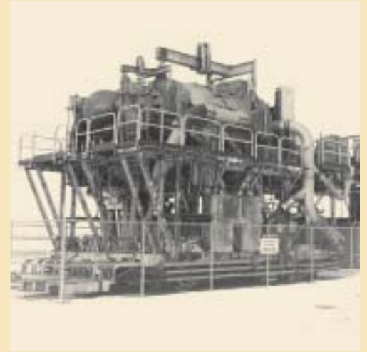
The Department of Energy's Experimental Breeder Reactor, a National Historic Landmark at the Idaho National Engineering and Experimental Laboratory in Scoville, ID, was the world's first nuclear reactor to produce usable amounts of electricity in 1951.

Preservation does not necessarily mean freezing places in time or restoring them as showpieces. Actually, the National Historic Preservation Act encourages active use of historic properties to meet the needs of the agency and of the public. Although maintaining historic properties in perpetuity is favored by the law, it's understood that this is not always feasible, so other forms of preservation—for example through study and documentation—are often acceptable. We decide how best to preserve historic places in consultation with concerned citizens, State and Tribal Historic Preservation Officers, local governments, tribes, Native Hawaiian organizations, Alaska Native groups, and others.
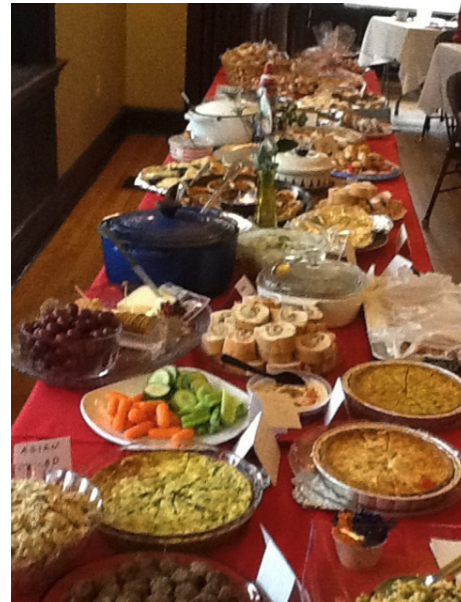
Members of the club graciously donated delicious international dishes for this special luncheon.
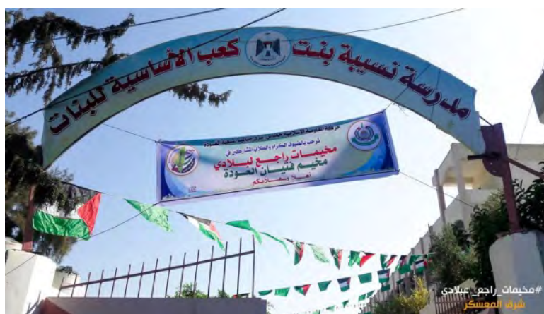
Hamas notice announcing the opening of the summer camps in the eastern part of the Jabalia refugee camp in one of the governmental schools (the Nuseiba Bint Ka'ab girls' elementary school) (Facebook page of the summer camps committee in the northern Gaza Strip, July 15, 2018).
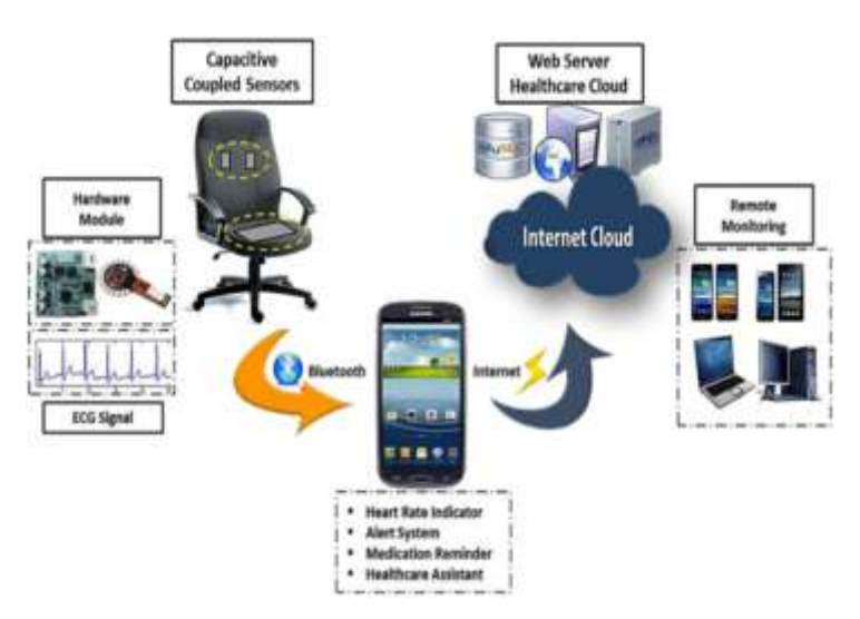
Fig. 4 System Architecture of ERP.
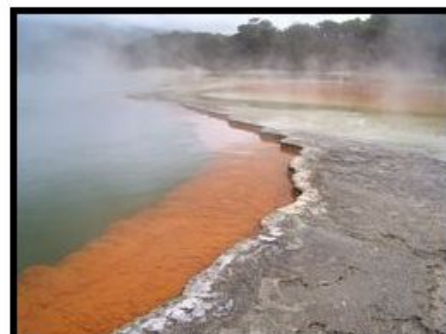
The "Champagne Pool" The highlight of the area!
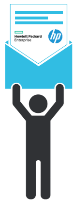
Support for your ongoing service agreements
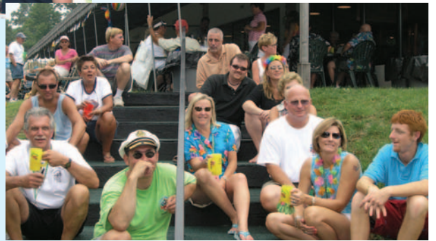
Bantering with the band.
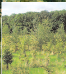
Four years after planting
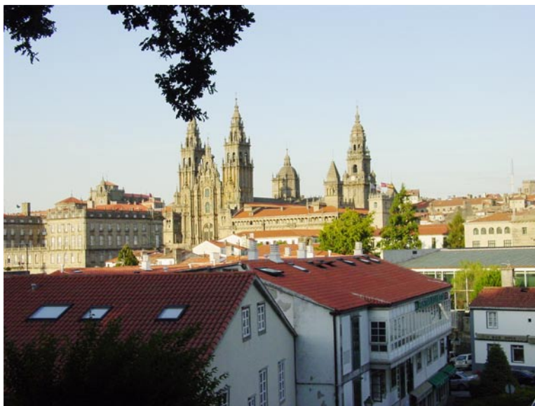
Santiago de Compostela, Galicia, Spain
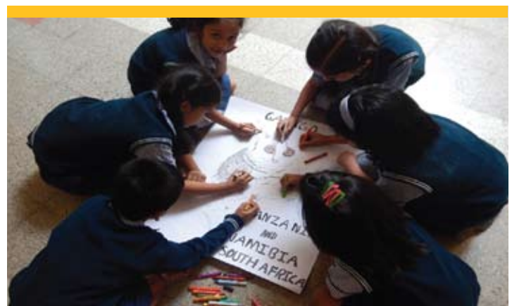
Friendly Flora n Fauna
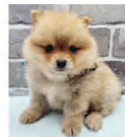
POMERANIAN PUPPIES Adorable males and females, toy or teacup sizes, shots and papers. Call 718-306-4136
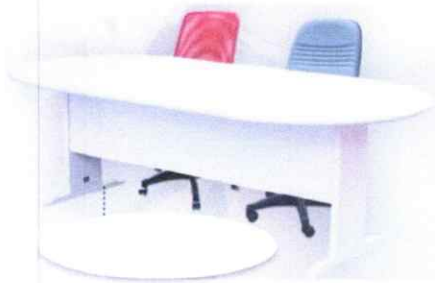
Sample Item No. 5: CONFERENCE TABLE
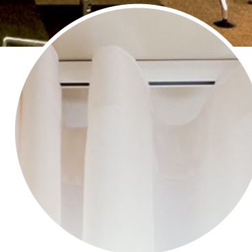
Hand or cord curtain tracks

Undulating curves when your curtains are closed transform into a neat stack-back when opened.
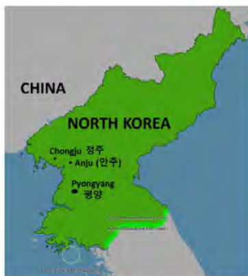
North Korea.

Dr. Hak Ja Han was born on 10 th February 1943 (6th day of the first month according to the Oriental lunar calendar) in the village of Shineui in the district of Anju in present day North Korea. Her parents were committed Christians. She became an only child because her parents were separated due to political unrest.

== Action item ==
Count the lines in the records that include the word "your". Report the total alone.

== Response for this exercise ==
2